G.R. No. 169901 August 3, 2011

PHILIPPINE NATIONAL BANK, Petitioner,


vs.
CIRIACO JUMAMOY and HEIRS OF ANTONIO GO PACE, represented by ROSALIA
PACE, Respondents.

Facts:
RTC of Davao rendered a decision ordering that a part be excluded from the
land registered to Pace under an Original Certificate of Title. The RTC found out that
such part actually pertains to Ciriaco and his predecessor in interest, Jumamoy.
Pace’s application for an OCT erroneously included such lot.
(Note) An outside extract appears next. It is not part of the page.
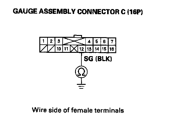 9. Turn the ignition switch OFF, and check for continuity between connector terminal C12 (BLK) and body ground. There should be continuity to ground under all conditions. If there is no continuity, check for an open in the wire, or poor ground (G501).

The RTC then ordered
Pace to reconvey the land to Ciriaco.
Such decision became final and executor but the deed for reconveyance
cannot be annotated on the title since the title was found out to be cancelled already.
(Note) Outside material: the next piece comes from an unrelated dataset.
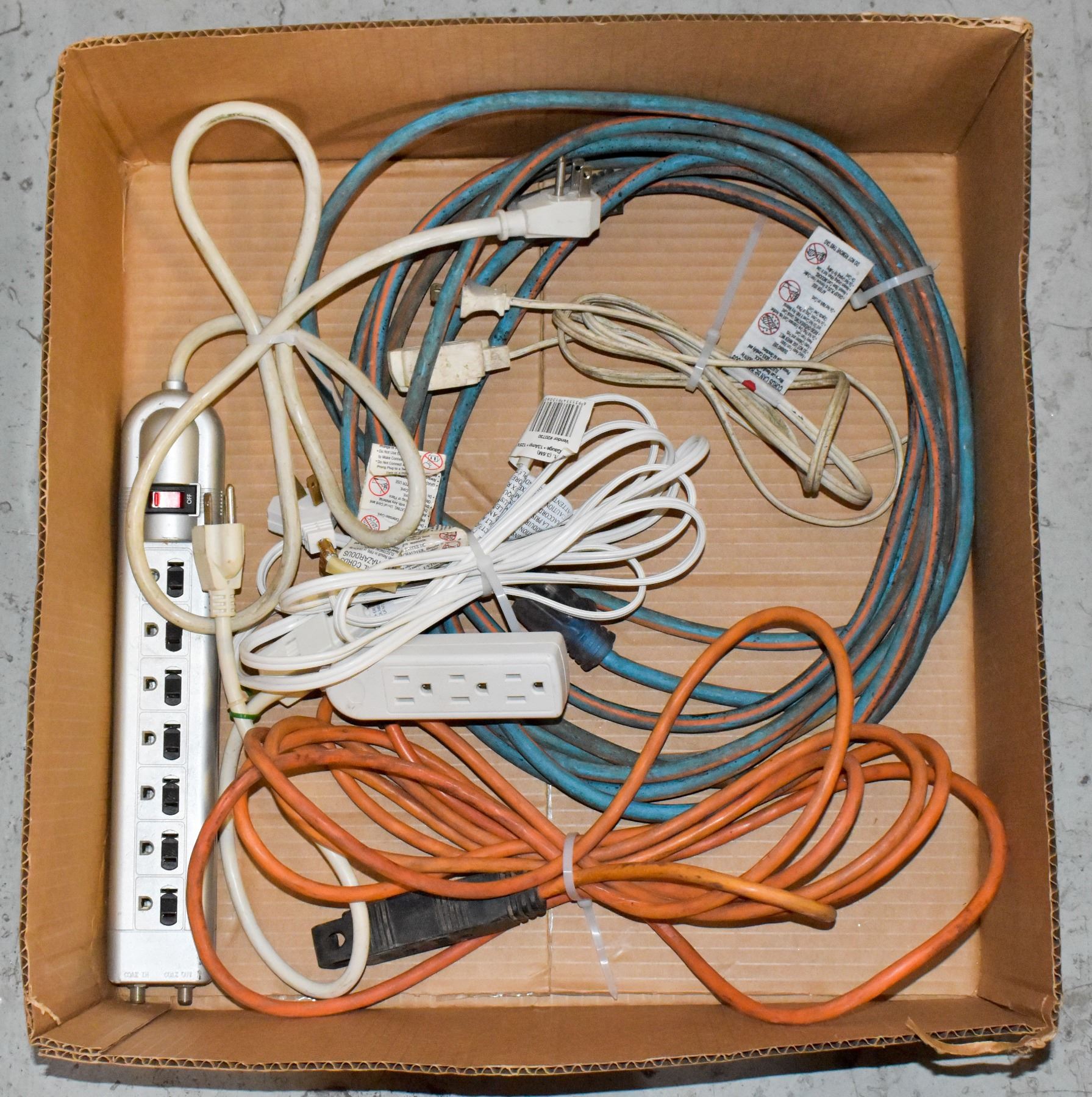 BOX OF OUTDOOR EXTENSION CORDS, SURGE

The reason for this is that PNB foreclosed the land after Pace mortgaged the lot in
return for a series of loans which they later on failed to pay. Title was eventually
transferred to PNB. Ciriaco filed a complaint against PNB
Ciriaco claims that Pace cannot validly mortgage the lot as it belongs to him
pursuant to the RTC decision. He also claims that PNB is not a mortgagee/purchaser
for value as the land as it already had notice of the litigation over the said lot. RTC
ruled in favor of Ciriaco. CA affirmed.
In the Supreme Court, PNB claims that Ciriaco’s complaint is barred by
prescription. PNB claims that an action for reconveyance prescribes in four years if based on
fraud, or, 10 years if based on an implied trust, both to be counted from the issuance of the
Original Cerificate of title to Pace.
Issue: W/N Ciriaco’s complaint is barred by Prescription
Held: No
- A property acquired through mistake or fraud creates implied Trust
- The person acquiring becomes a Trustee
- The person from whom the property comes is the beneficiary
- An action for reconveyance based on implied trust, therefore prescribes in 10 years as it
is an obligation created by law to be counted from the date of issuance of the Torrens title over the
property.
- This rule, however, applies only when the person enforcing the trust is not in possession
of the property.
- there is no prescription when in an action for reconveyance, the claimant is in actual
possession of the property because this in effect is an action for quieting of title
- The reason for this is that one who is in actual possession of a piece of land claiming to
be the owner thereof may wait until his possession is disturbed or his title is attacked
before taking steps to vindicate his right,
- Ciriaco’s complaint is an action for quieting of title and hence cannot prescribe.